WASHINGTON – America’s status as the world leader in fields such as bioscience, engineering, and computer science is at risk because of restrictive post-Sept. 11 immigration screening policies, a university official said Wednesday.
In testimony to the Senate Foreign Relations Committee, University of Maryland President C. Dan Mote said those policies are sending the world’s best and brightest to countries such as Canada and Australia, leaving U.S. businesses at a competitive disadvantage.
“We all agree that protecting our citizens is a priority second to none,” Mote said in a prepared statement. “We also have a . . . responsibility to deliver the highest-quality education and research programs to keep the nation strong and competitive.
“We do not believe these are mutually exclusive mandates,” he said.
Over the last two years, the College Park campus has seen a 36 percent drop in applications from international graduate students and a 21 percent decline in enrollment by them, Mote said. Many of those students have provided hard-science skills that helped boost the university’s ranking among public research universities from 30th in 1998 to 17th in 2004.
Mote said that foreign students and researchers in fields deemed sensitive by the State Department, such as biotechnology, are now subject to strict screening requirements overseen by the government.
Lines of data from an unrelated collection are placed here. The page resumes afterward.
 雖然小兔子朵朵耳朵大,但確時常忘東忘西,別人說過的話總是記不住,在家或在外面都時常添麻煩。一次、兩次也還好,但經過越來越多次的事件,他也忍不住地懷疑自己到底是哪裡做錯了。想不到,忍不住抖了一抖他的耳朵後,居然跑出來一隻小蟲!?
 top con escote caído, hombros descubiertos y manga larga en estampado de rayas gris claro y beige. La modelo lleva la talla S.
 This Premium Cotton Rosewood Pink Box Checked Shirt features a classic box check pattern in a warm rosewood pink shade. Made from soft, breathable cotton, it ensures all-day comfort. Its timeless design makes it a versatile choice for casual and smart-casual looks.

But he said the so-called Visas Mantis policy is taking too long to process candidates.
“Though a recent report claims that 95 percent of the Visas Mantis clearances are completed within a month, we find from our experience at Maryland that the clearances are often taking much longer,” Mote said in prepared text.
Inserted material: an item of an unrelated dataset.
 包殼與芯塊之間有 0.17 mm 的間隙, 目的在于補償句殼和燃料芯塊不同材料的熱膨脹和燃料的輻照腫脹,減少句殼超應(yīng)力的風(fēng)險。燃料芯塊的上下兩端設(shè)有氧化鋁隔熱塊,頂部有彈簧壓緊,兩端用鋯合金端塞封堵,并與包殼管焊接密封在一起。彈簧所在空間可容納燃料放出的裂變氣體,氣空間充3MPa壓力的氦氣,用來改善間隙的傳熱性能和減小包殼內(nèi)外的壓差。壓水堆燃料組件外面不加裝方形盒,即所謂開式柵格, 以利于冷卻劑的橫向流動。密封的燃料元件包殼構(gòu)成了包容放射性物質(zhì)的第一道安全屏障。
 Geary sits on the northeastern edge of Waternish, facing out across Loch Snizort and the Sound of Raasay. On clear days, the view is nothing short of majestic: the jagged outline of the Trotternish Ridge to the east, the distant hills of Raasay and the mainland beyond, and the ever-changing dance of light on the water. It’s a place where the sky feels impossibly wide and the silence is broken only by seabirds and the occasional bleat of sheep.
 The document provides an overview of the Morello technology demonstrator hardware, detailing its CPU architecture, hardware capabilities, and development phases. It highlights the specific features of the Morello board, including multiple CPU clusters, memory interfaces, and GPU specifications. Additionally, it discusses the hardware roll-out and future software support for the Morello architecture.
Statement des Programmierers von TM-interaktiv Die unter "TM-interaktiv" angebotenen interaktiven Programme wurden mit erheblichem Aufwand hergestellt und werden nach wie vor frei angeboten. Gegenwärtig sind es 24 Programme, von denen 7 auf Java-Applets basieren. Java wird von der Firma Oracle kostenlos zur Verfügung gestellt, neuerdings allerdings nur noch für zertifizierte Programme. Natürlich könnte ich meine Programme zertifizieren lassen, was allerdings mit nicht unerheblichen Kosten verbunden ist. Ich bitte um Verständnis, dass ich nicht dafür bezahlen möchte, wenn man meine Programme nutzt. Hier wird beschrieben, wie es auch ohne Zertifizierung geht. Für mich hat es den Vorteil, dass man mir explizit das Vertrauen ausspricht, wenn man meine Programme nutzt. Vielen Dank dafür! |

Visas Mantis applications are supposed to be processed within 30 days.
A spokeswoman for the State Department’s Bureau of Consular Affairs said that 98 percent of all Visas Mantis applications are currently being processed within 30 days, and that the average wait time was well below one month.
Other agencies, including the Department of Homeland Security, must vet applicants before the State Department can grant approval.
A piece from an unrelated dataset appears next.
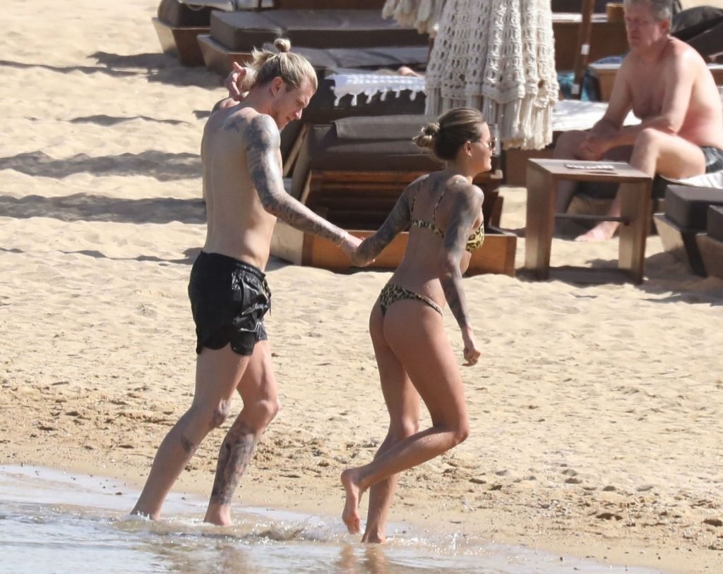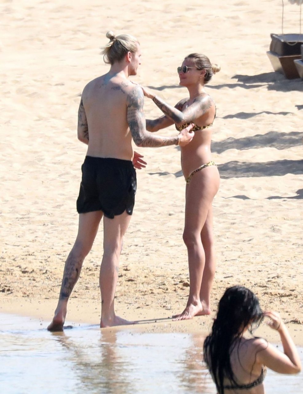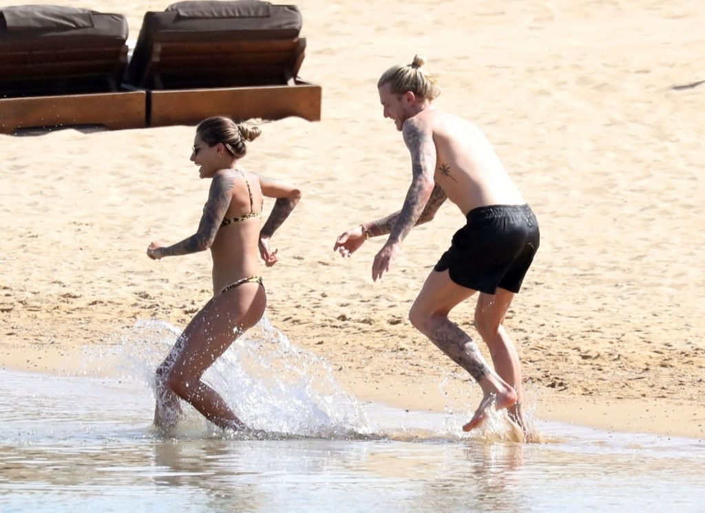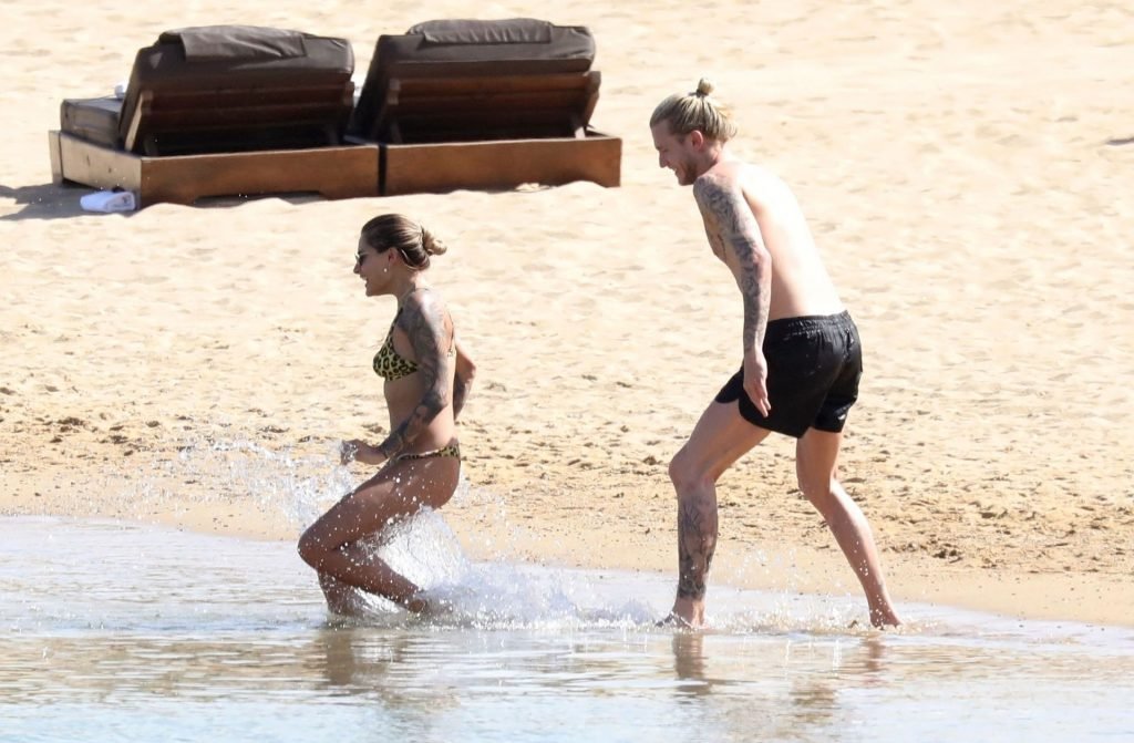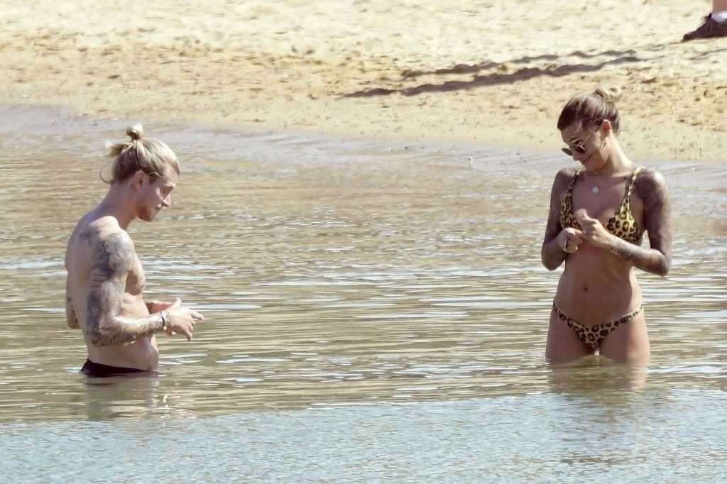 Loris cometió una serie de errores en el evento principal del año pasado y esta vez se le ve bajo una luz diferente, tomando las cosas con un poco más de calma y disfrutando sus vacaciones en la playa con Sophia Thomalla, quien llevaba un sexy bikini de estampado animal mientras Karius estaba sin camiseta mostrando su colección de tatuajes. La pareja mostró su amor mientras se divertían en la playa besándose y abrazándose en su escapada griega bañada por el sol, 29/05/2019.

“A year ago, the average wait time was 73 days,” said Kelly Shannon, the State spokeswoman. “Today it’s 20 days.”
Shannon attributed some of the improvement to technology investments that allow for better communication between systems and administrators, as well as increased staffing.
“We’re turning the corner,” Shannon said.
But at the Senate hearing earlier in the day, Mote’s comments worried committee members, including Sen. Paul Sarbanes, D-Md.
“The campus plays an indispensable role in the economic infrastructure of our state,” Sarbanes said in response to Mote’s comments.
The senator predicted the state’s industries would not be directly affected by the reduction, however.
“This is an indirect problem for Maryland businesses, but I think the implications are quite far reaching,” Sarbanes said.
Charlie Scott, director of government relations at the Tech Council of Maryland, echoed Sarbanes’ comments.
While members have not specifically discussed the decline in foreign students studying technology issues, he said businesses are concerned about the overall decline in the general population of students focused on areas such as information technology and biosciences.
Nationally, Maryland ranked fifth in 2002 for university research and development expenditures, and fourth in higher-education degrees in biological sciences, according to a June report by the Battelle Technology Partnership Practice.